*Task item:* Only lines with the word "Figure" belong in the answer; copy them from the records below.

*** Opening Record excerpts ***

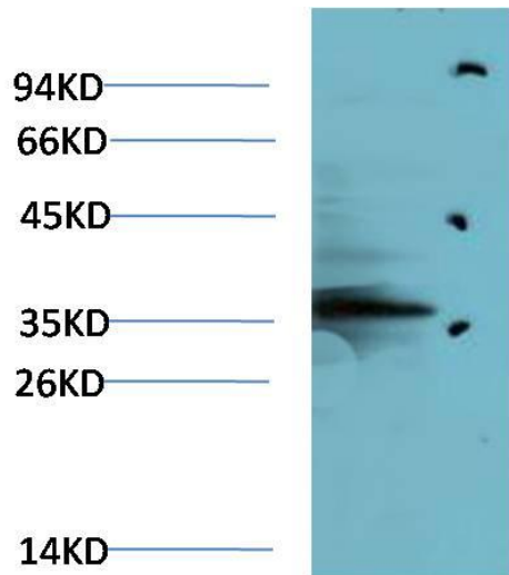
Western blot analysis of Mouse Brain Tissue Lysate using AMPK \gamma 1 Rabbit pAb diluted at 1:2000
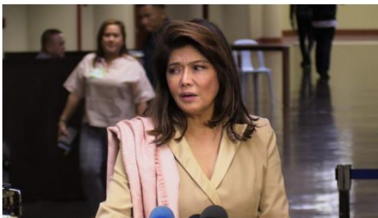
Sen. Imee Marcos.

MANILA, Philippines — Continued water service interruptions in Metro Manila reduce the effectiveness of the enhanced community quarantine imposed over Luzon due to the 2019 coronavirus disease (COVID-19) outbreak.
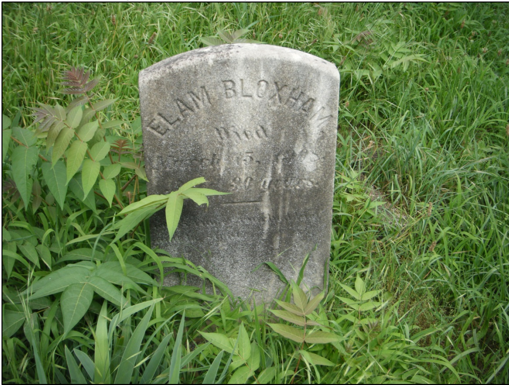
Photograph of a headstone documented at 46-HM-269.
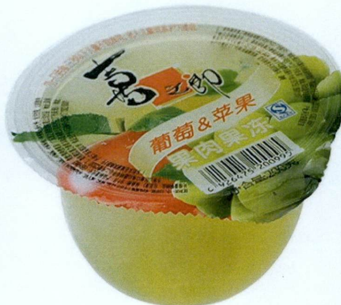
Figure 1. Unregistered Jelly in Plastic Jar with Apple and Grapes Drawing (Labels are in foreign Characters)

The Food and Drug Administration (FDA) warns all healthcare professionals and the general public NOT TO PURCHASE AND CONSUME the following unregistered food products:
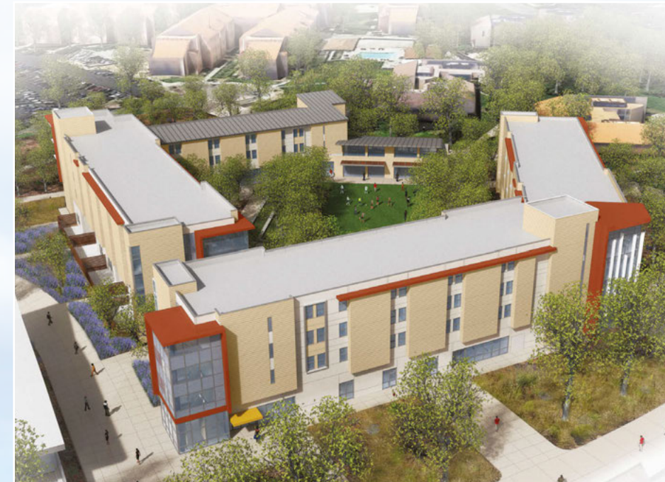
Rendering of the new CSUSB Student Housing Complex

Upon completion, the initial phase of the new multipurpose complex will augment housing to accommodate 416 incoming full-time freshmen and further the university's master plan to ultimately house 5,000 students. The university presently has three student housing facilities — Arrowhead Village, University Village and Serrano Village, which combined have capacity for nearly 1,500 students. This latest construction will increase that number significantly. And as CSUSB's enrollment grows, the new residential community will eventually serve nearly 1,200 additional students.
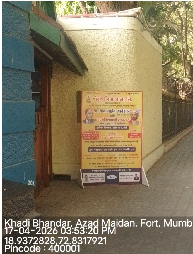
Khadi Bhandar, Azad Maidan, Fort, Mumbai 17-04-2026 03:53:20 PM 18.9372828,72.8317921 Pincode : 400001

Shop front photo with full vertical viewpoint i.e; shop board, sealing, entrance, ground on which the shop is established (cemented, pilers, bricks, stands, mud, wheels etc.)
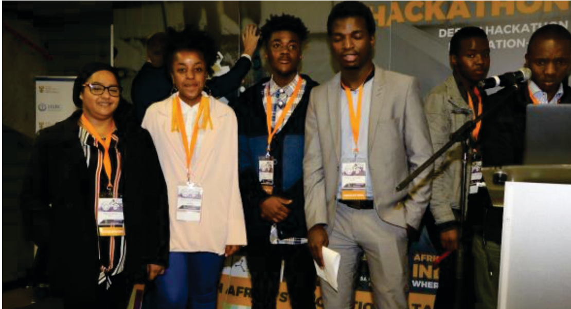
Figure 2: Participants at the Data Innovation Hackathon
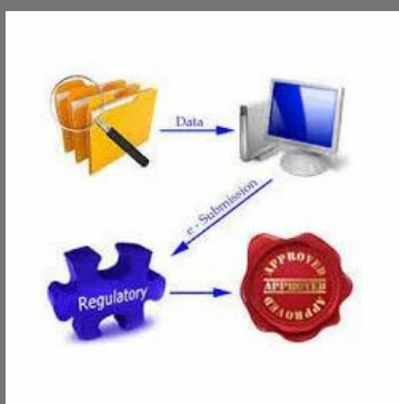
MOH Query Handling Management Consultancy Service
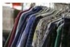
Clothes & Accessories
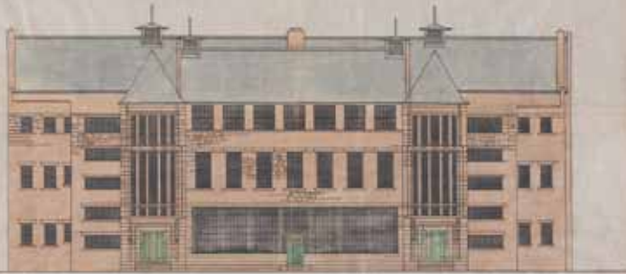
ELEVATION TO SCOTLAND ST.
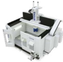
ENDURA® 700LINEAR COMPACT GANTRY MILLING MACHINE
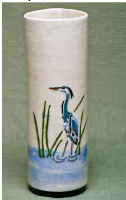
4050 Vase 3.5 x 9"
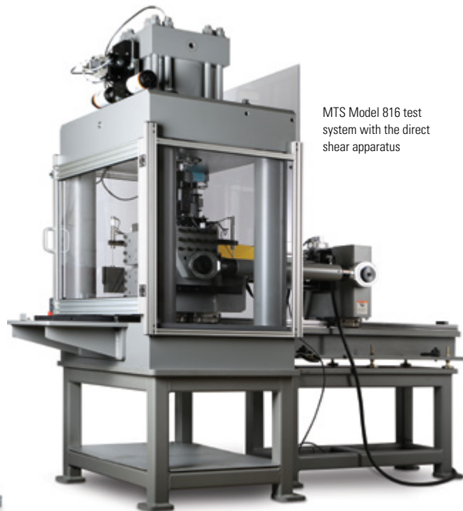
MTS Model 816 test system with the direct shear apparatus
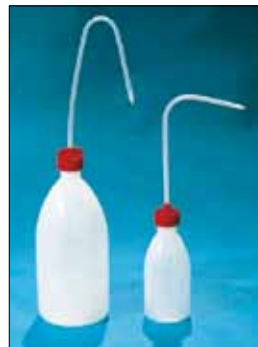
V 710 - V 713
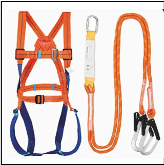
Full Body Harness with Double Scaffolding Hook
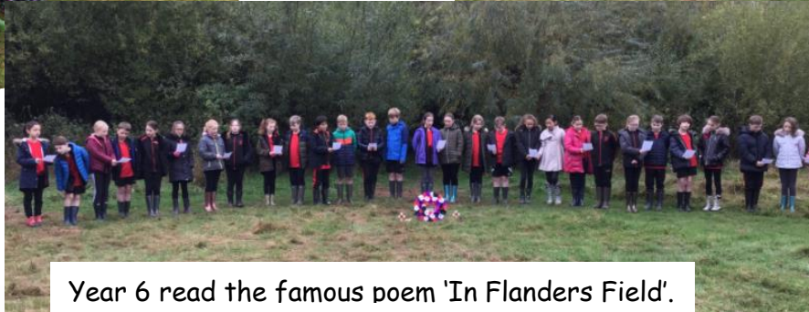
Year 6 read the famous poem 'In Flanders Field'.
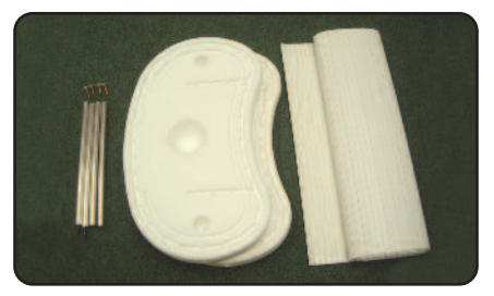
Kit includes: 4 x poles, 4 x screws, 1 x top, 1 x base, 1 x PVC tambour wrap.
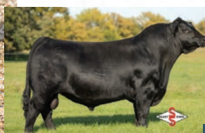
SS GIBSON G859
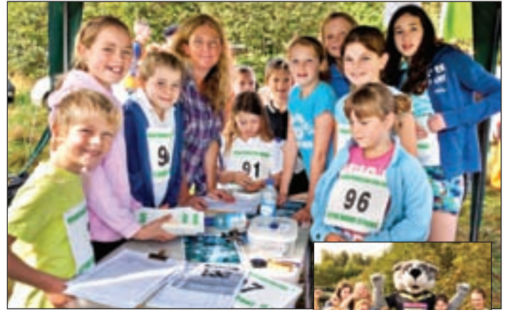
Above: Children registering for the run.
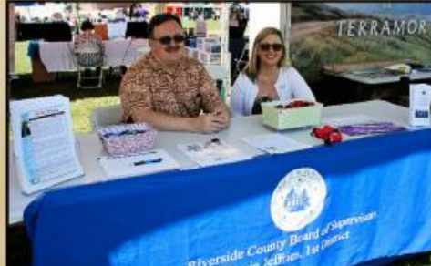
MEET AND GREET: Visit with your local businesses, elected officials and community service providers. Don't forget to vote for your favorite picture at the Photo Booth!

*** Closing Record excerpts ***

*Task response:*
Figure 1. Unregistered Jelly in Plastic Jar with Apple and Grapes Drawing (Labels are in foreign Characters)
Figure 2: Participants at the Data Innovation Hackathon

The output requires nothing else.